Publishing and reading of non-volatile field

public class Factory {
private Singleton instance;
public Singleton getInstance() {
Singleton res = instance;
if (res == null) {
synchronized (this) {
res = instance;
if (res == null) {
res = new Singleton();
instance = res;
}
}
}
return res;
}
}
It is almost correct implementation of thread-safe Singleton. The only problem I see is:
The thread #1 that is initializing the instance field can published before it will be initialized completely. Now, the second thread can read instance in a inconsistent state.
But, for my eye it is only problem here. Is it only problem here?
(And we can make instance volatile).
You example is explained by Shipilev in Safe Publication and Safe Initialization in Java. I highly recommend to read the whole article, but to sum it up look at UnsafeLocalDCLFactory section there:
public class UnsafeLocalDCLFactory implements Factory {
private Singleton instance; // deliberately non-volatile
#Override
public Singleton getInstance() {
Singleton res = instance;
if (res == null) {
synchronized (this) {
res = instance;
if (res == null) {
res = new Singleton();
instance = res;
}
}
}
return res;
}
}
Above has following problems:
The introduction of local variable here is a correctness fix, but only partial: there still no happens-before between publishing the Singleton instance, and reading of any of its fields. We are only protecting ourselves from returning "null" instead of Singleton instance. The same trick can also be regarded as a performance optimization for SafeDCLFactory, i.e. doing only a single volatile read, yielding:
Shipilev suggests to fix as follows, by marking instance volatile:
public class SafeLocalDCLFactory implements Factory {
private volatile Singleton instance;
#Override
public Singleton getInstance() {
Singleton res = instance;
if (res == null) {
synchronized (this) {
res = instance;
if (res == null) {
res = new Singleton();
instance = res;
}
}
}
return res;
}
}
There are no other problems with this example.
Normally I would never use a double checked locking mechanism anymore. To create a thread safe singleton you should let the compiler do this:
public class Factory {
private static Singleton instance = new Singleton();
public static Singleton getInstance() {
return res;
}
}
Now you are talking to make the instance volatile. I don't think this is necessary with this solution as the jit compiler now handlers the synchronization of the threads when the object is constructed. But if you want to make it volatile, you can.
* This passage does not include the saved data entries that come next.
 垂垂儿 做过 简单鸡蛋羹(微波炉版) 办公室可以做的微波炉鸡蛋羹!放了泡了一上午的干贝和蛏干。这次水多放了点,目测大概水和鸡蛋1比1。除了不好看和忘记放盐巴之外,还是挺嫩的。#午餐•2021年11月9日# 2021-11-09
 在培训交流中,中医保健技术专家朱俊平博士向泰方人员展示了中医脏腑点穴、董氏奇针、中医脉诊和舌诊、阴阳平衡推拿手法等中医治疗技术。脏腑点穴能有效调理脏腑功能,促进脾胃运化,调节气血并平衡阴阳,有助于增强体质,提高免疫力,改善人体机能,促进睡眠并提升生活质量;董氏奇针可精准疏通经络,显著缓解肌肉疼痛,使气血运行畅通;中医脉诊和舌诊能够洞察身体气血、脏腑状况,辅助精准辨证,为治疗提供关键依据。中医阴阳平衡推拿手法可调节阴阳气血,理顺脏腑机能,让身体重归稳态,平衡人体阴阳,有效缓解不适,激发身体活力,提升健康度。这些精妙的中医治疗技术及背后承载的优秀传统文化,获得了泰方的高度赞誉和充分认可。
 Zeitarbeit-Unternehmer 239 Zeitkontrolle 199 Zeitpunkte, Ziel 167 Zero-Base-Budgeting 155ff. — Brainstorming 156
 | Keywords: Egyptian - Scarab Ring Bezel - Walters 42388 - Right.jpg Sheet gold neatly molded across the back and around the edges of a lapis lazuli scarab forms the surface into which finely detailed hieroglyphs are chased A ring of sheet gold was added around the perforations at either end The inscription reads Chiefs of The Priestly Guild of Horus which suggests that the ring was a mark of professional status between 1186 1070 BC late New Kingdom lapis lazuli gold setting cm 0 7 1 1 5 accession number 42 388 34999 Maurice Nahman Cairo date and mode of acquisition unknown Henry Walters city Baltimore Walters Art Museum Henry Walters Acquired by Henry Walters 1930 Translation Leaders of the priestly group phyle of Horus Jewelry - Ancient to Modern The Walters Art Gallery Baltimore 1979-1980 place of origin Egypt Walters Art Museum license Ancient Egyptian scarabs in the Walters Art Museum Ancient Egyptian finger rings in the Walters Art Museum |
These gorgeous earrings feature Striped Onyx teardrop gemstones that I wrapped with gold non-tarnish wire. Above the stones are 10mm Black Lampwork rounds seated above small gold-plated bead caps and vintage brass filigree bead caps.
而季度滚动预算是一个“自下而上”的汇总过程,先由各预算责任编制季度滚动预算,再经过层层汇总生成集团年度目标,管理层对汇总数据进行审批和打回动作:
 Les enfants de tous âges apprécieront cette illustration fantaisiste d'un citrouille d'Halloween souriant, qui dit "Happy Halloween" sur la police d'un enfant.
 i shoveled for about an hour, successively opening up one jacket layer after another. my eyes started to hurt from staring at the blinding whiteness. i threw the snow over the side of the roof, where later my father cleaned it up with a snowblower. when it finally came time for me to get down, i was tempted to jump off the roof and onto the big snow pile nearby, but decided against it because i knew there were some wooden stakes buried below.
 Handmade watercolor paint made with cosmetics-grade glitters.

Finally I would make the getInstance() and the instance static. Then you can reference Factory.getInstance() directly without constructing the Factory class. Also: you will get the same instance across all threads in your application. Else every new Factory() will give you a new instance.
You can also look at Wikipedia. They have a clean solution if you need a lazy solution:
https://en.wikipedia.org/wiki/Double-checked_locking#Usage_in_Java
// Correct lazy initialization in Java
class Foo {
private static class HelperHolder {
public static final Helper helper = new Helper();
}
public static Helper getHelper() {
return HelperHolder.helper;
}
}
EDIT I've written one more answer here that should clear all the confusion.
This is a good question, and I'll try to summarize my understanding here.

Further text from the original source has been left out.